Place des Cordeliers, la Raffinerie avait installé un DJ qui distillait de l’électro un peu passée, teintée de funk et de soul, au milieu des travaux de la nouvelle zone piétonne. Ambiance gravats et barrières de chantier. À 19h50, le Veelbenet est dans la place. Parce que chez Sparse on est à la tête de l’avant-garde, on avait déjà interrogé le loustic sur ses habitudes sur le campus. On a causé encore un peu avec lui cette fois-ci. Qualifiée sur le papier de « cosmic wave », Rudy ne se revendique pas d’un genre ou d’une démarche particulière si ce n’est celle de « prendre de la musique catégorisée comme musique de blanc pour tenter d’en faire de la musique dite de noir » et inversement ; mettre du « groove » ou de la « dureté » là où il n’y en habituellement pas. Accompagné d’un synthé pour l’occasion, le Vellbenet balance des textes décalés et des compositions originales (un luxe) en brassant tous les styles, de la pop indie aux instrus hip-hop plus directes. Manque de pot, le lieu est quasi désert mais ce manque est clairement compensé par l’enthousiasme des fans présents en première ligne.
Place Saint Fiacre, vers 20h50, on commence à croiser du monde ; les badauds s’attroupent autour de quelques couples dansant la salsa. Place de la Lib, ça ne rigole plus. Les mecs de Lemonfly savent mettre l’ambiance avec un rock celtique bien punchy et s’aventurent parfois à faire chanter le public, quand ils ne sont pas occupés à soulever leur kilt. Niveau authenticité, la cornemuse ne suffisait pas apparemment. Une chenille voire une ronde se forme dans la fosse, à la plus grande joie de certains : « Oh y a un pogo, venez ! » Oui bon, pourquoi pas. On aura ensuite Komodo, Tchiky Monky et Assowls pour conclure la prog’ prévue par la Ville devant la mairie.

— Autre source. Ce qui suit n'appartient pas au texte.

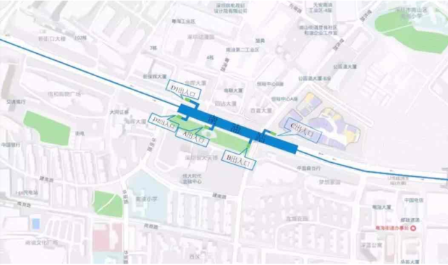 南油站位于南山區(qū)南海大道與登良路交叉口下方,車站出入口共計(jì)5個(gè),B出入口位于恒大天璟北側(cè),C出入口位于來(lái)福士廣場(chǎng)一側(cè)登良路與南海大道交匯處,D1出入口位于金暉大廈東側(cè),A、D2出入口位于南海大道與華明路交匯處

Place du théâtre, Doria’n.b est installé. Avec une affiche à faire pâlir les plus grands (graphistes) et un look éclectique, le groupe donne clairement l’image de deux amateurs en mal d’ivresse musicale. Un des deux types, à la crinière blonde, style métaleux des 90’s, se donne à mort pendant les deux-trois morceaux joués (très variétoche au final). L’autre, légèrement bedonnant et coiffé d’un bonnet à dreadlocks vertes et jaunes, ambiance vacances de ski (côté Jura), semble nettement moins convaincu (et peut être convaincant). Trois morceaux joués en une heure trente, bof, bof…
On se met en quête d’un plateau expérimental/noise, supposément rue de la chouette. Mais sur place, point de bruitisme ou « d’acid chlorydrique ». C’est plutôt papi-mamie friendly, pour preuve des chaises, toutes occupées bien évidemment, ont été installées devant la scène en bois où se joue un jazz tout ce qu’il y a de plus classique. Et quelque peu ennuyeux, il faut bien se l’avouer. À proximité, dans la cour arrière de l’Hôtel Vogüé c’est la « guinguette fever » avec un bal et orchestre tradi’ ; comprendre beaucoup, BEAUCOUP d’accordéons, une vielle et, tiens, encore une cornemuse. C’est rigolo, d’autant plus qu’on rajeunit considérablement la moyenne d’âge.
On passe rue Auguste Compte où Alchimia avait grapillé quelques places de parking pour étendre sa terrasse face à un DJ qui assure, entre funk en début de soirée puis hip-hop. Plus loin résonne une reprise de Green Day (la musique n’est pas mauvaise mais la voix du chanteur nous laisse de marbre). On débouche place de la République où quelques curieux se regroupent autour de chanteurs et de chanteuses de l’association « Artistes en scène », qui auraient davantage leur place au Cintra (les gus ont quand même un visuel avec leur visages dessus, je sais pas si tu vois le délire).
On longe la voie du tram en croisant une énième cornemuse, décidément très en vogue en cet été 2016, qui s’efforce d’égayer la terrasse du Bœuf blanc. Si t’es branché casquette à l’envers, tu étais sans doute place St Bernard, où l’animation sonore équivaut à celle d’un PC branché sur Skyrock. Mais si t’es plutôt porté sur la musique de clubber du Chat noir, tu pouvais aussi trouver ton bonheur place Bossuet, où s’alignent quelques remix bien particuliers : du Queen repris à la sauce dubstep, c’est quand même quelque chose. Spots et lasers lumineux, animateur digne du Club Med et jets de mousse, les mecs y vont À FOND.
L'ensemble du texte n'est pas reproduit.